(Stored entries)
******
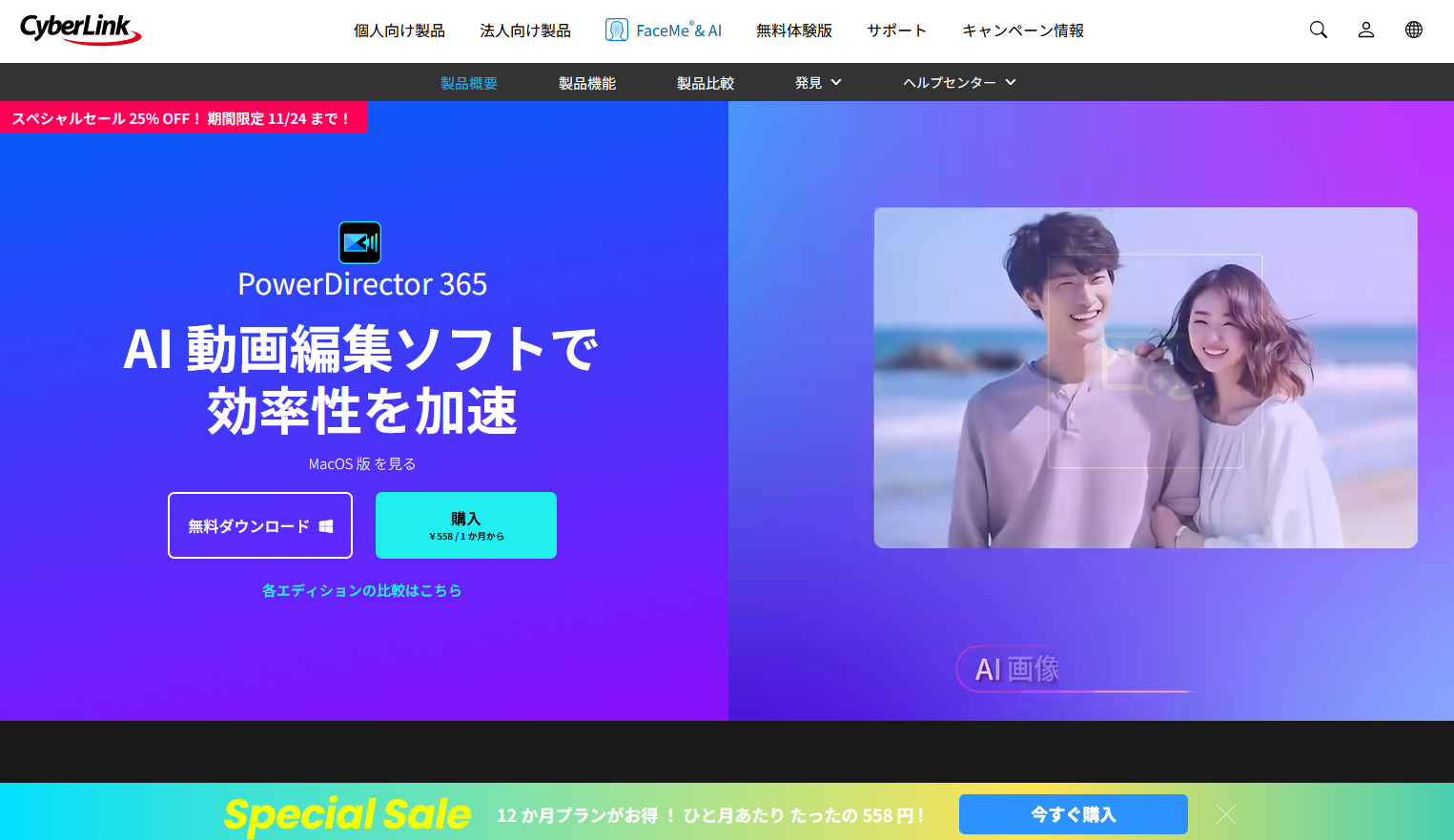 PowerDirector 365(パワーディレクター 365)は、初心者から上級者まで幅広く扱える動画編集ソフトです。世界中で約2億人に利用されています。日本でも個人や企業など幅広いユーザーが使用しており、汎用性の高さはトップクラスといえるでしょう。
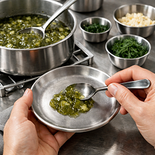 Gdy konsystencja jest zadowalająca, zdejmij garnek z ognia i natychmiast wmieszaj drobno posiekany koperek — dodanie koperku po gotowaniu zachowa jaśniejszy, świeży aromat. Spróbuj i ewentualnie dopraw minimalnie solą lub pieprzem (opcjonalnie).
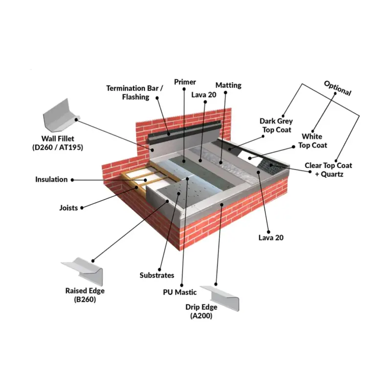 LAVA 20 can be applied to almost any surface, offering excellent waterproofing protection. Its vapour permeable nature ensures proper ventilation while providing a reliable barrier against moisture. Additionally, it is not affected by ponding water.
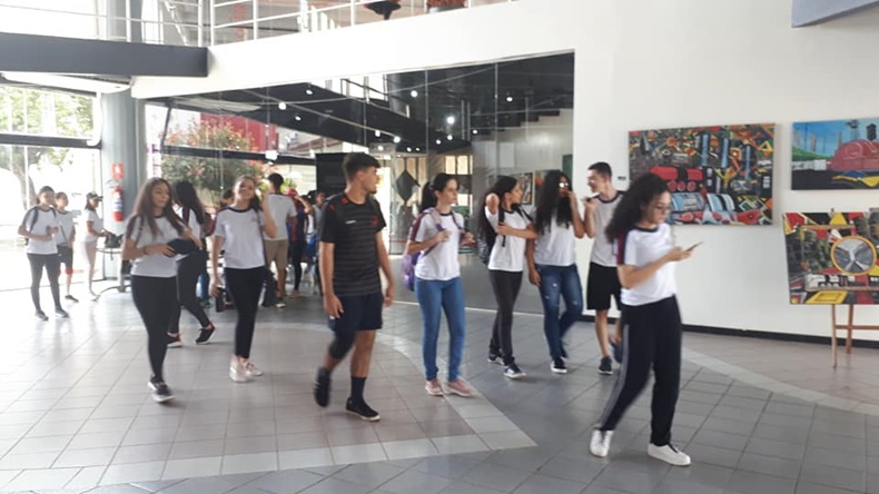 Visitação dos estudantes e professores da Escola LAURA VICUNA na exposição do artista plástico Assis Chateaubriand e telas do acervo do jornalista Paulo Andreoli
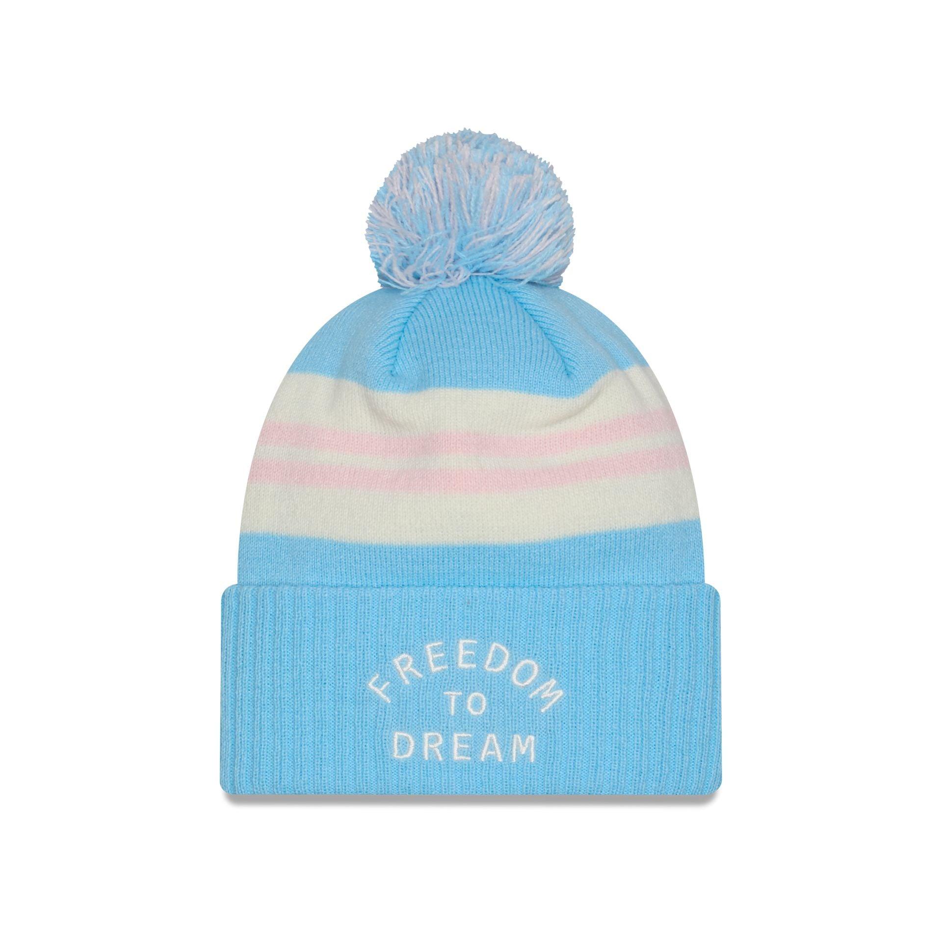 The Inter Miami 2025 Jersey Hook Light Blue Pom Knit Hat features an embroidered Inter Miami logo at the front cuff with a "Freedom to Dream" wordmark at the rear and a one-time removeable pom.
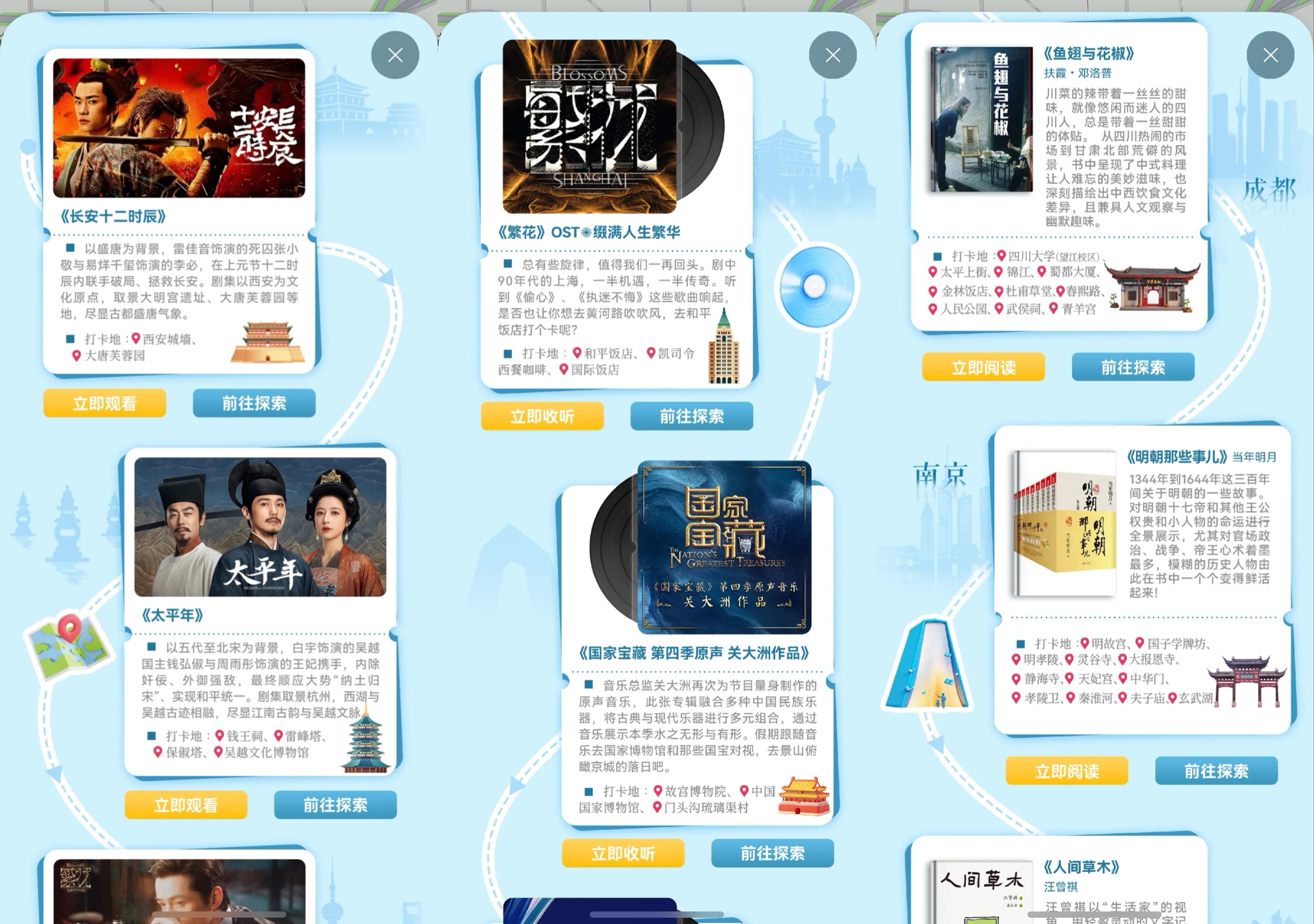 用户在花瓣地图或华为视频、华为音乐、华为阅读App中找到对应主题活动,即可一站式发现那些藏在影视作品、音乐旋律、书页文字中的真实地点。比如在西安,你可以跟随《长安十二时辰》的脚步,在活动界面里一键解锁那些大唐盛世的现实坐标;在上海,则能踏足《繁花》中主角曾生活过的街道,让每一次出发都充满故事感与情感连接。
******
- _Exercise requirements_
Your task is to reproduce exactly the lines from the start of the data above through the line containing "Visitação dos estudantes", leaving every picture out.

- _Final answer_
 PowerDirector 365(パワーディレクター 365)は、初心者から上級者まで幅広く扱える動画編集ソフトです。世界中で約2億人に利用されています。日本でも個人や企業など幅広いユーザーが使用しており、汎用性の高さはトップクラスといえるでしょう。
 Gdy konsystencja jest zadowalająca, zdejmij garnek z ognia i natychmiast wmieszaj drobno posiekany koperek — dodanie koperku po gotowaniu zachowa jaśniejszy, świeży aromat. Spróbuj i ewentualnie dopraw minimalnie solą lub pieprzem (opcjonalnie).
 LAVA 20 can be applied to almost any surface, offering excellent waterproofing protection. Its vapour permeable nature ensures proper ventilation while providing a reliable barrier against moisture. Additionally, it is not affected by ponding water.
 Visitação dos estudantes e professores da Escola LAURA VICUNA na exposição do artista plástico Assis Chateaubriand e telas do acervo do jornalista Paulo Andreoli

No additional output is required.